--- START ---

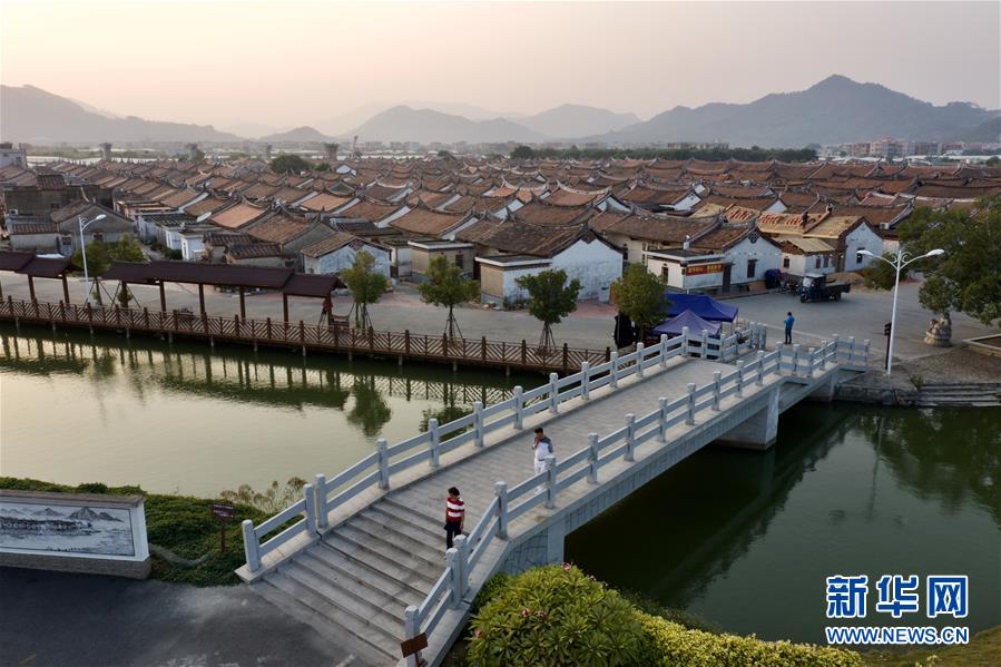 11月14日,行人經(jīng)過埭美村一座石橋(無人機拍攝)。新華社記者姜克紅攝
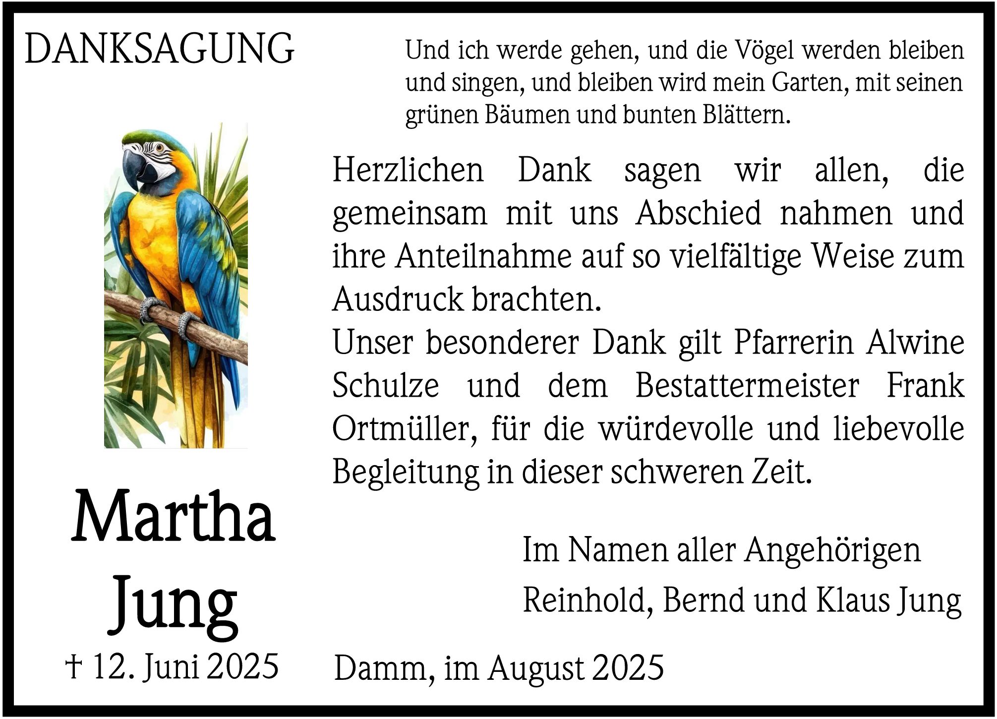 Die Trauerfeier mit anschließender Urnenbeisetzung findet am Freitag, dem 4. Juli 2025, um 14.00 Uhr von der Friedhofskapelle in Damm aus statt.
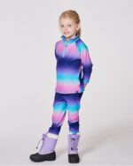 Designed to provide increased warmth and excellent range of motion beneath a snowsuit, these base layers are essential for skiing, snowboarding, and other cold weather sports. This two-piece thermal underwear set is made from thick brushed jersey with a super soft finish and ultra-comfortable feel. With an allover purple gradient print, this set includes a long raglan sleeve top with a half zip neckline and a pull-on pant with a stretchy elastic waist.
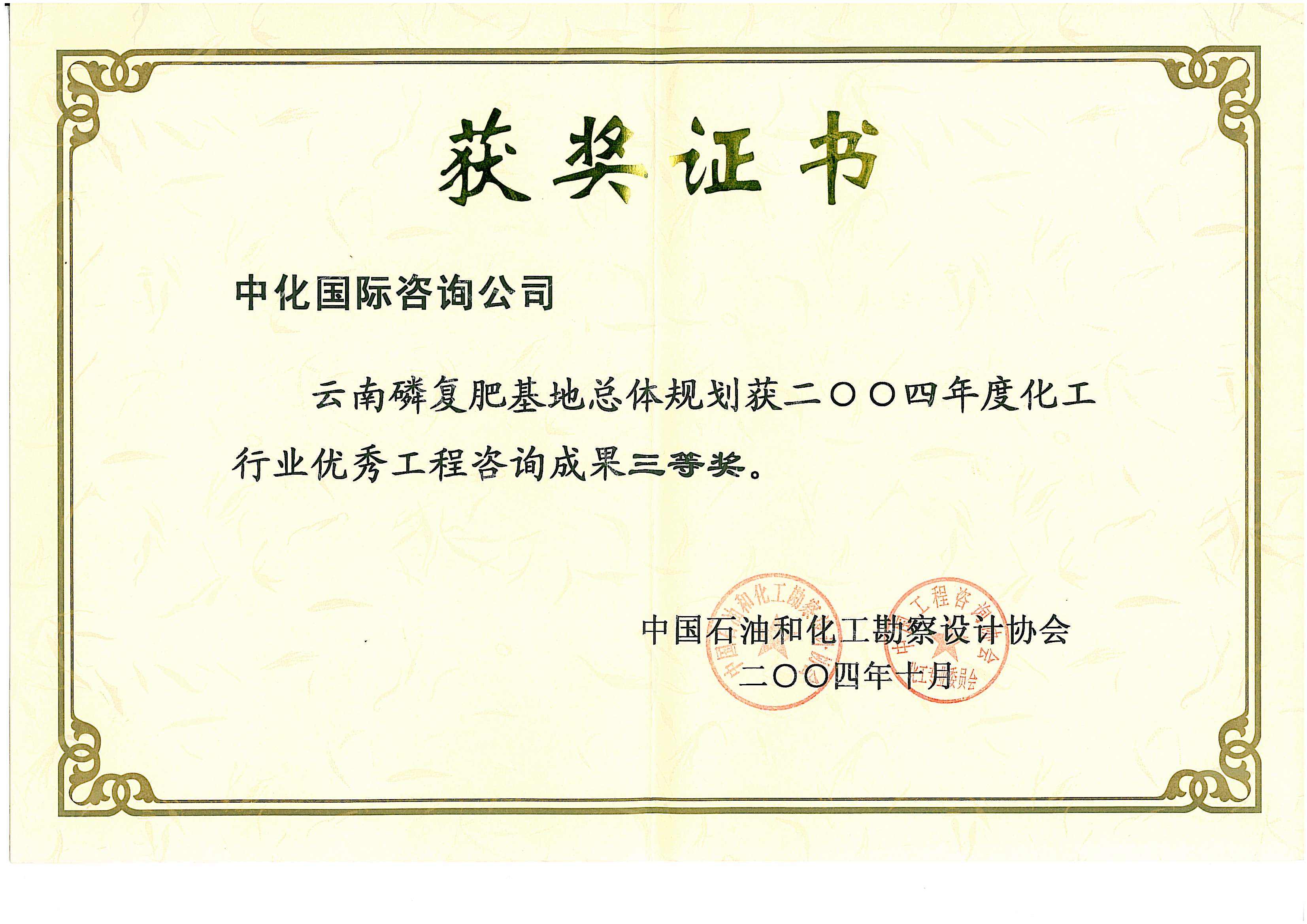 化工行业优秀工程咨询成果三等奖(云南磷复肥)
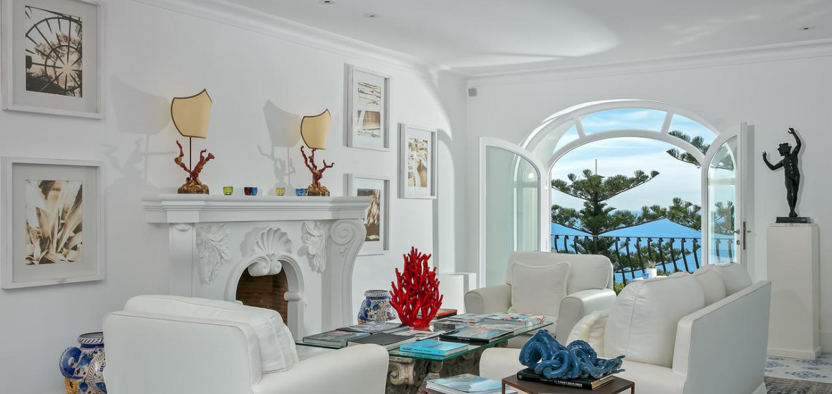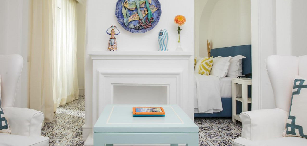 “Set in a tranquil garden of deliciously scented mimosa, almond and citrus trees. Spread over five terraced levels inching towards the sea with sweeping arches, cross-vaulted ceilings and majolica-tiled floors. Light and sunny rooms in blues and whites. A great choice for an intimate escape.”
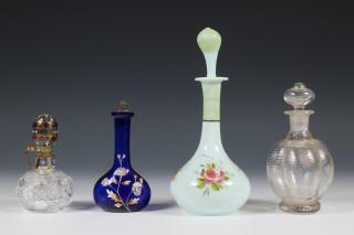 Hierbij drie (opaline) glazen prfumflessen met schildering van bloemen.

--- END ---

Print the listing again exactly, please. Keep the pictures out of it.

 11月14日,行人經(jīng)過埭美村一座石橋(無人機拍攝)。新華社記者姜克紅攝
 Die Trauerfeier mit anschließender Urnenbeisetzung findet am Freitag, dem 4. Juli 2025, um 14.00 Uhr von der Friedhofskapelle in Damm aus statt.
 Designed to provide increased warmth and excellent range of motion beneath a snowsuit, these base layers are essential for skiing, snowboarding, and other cold weather sports. This two-piece thermal underwear set is made from thick brushed jersey with a super soft finish and ultra-comfortable feel. With an allover purple gradient print, this set includes a long raglan sleeve top with a half zip neckline and a pull-on pant with a stretchy elastic waist.
 化工行业优秀工程咨询成果三等奖(云南磷复肥)
 “Set in a tranquil garden of deliciously scented mimosa, almond and citrus trees. Spread over five terraced levels inching towards the sea with sweeping arches, cross-vaulted ceilings and majolica-tiled floors. Light and sunny rooms in blues and whites. A great choice for an intimate escape.”
 Hierbij drie (opaline) glazen prfumflessen met schildering van bloemen.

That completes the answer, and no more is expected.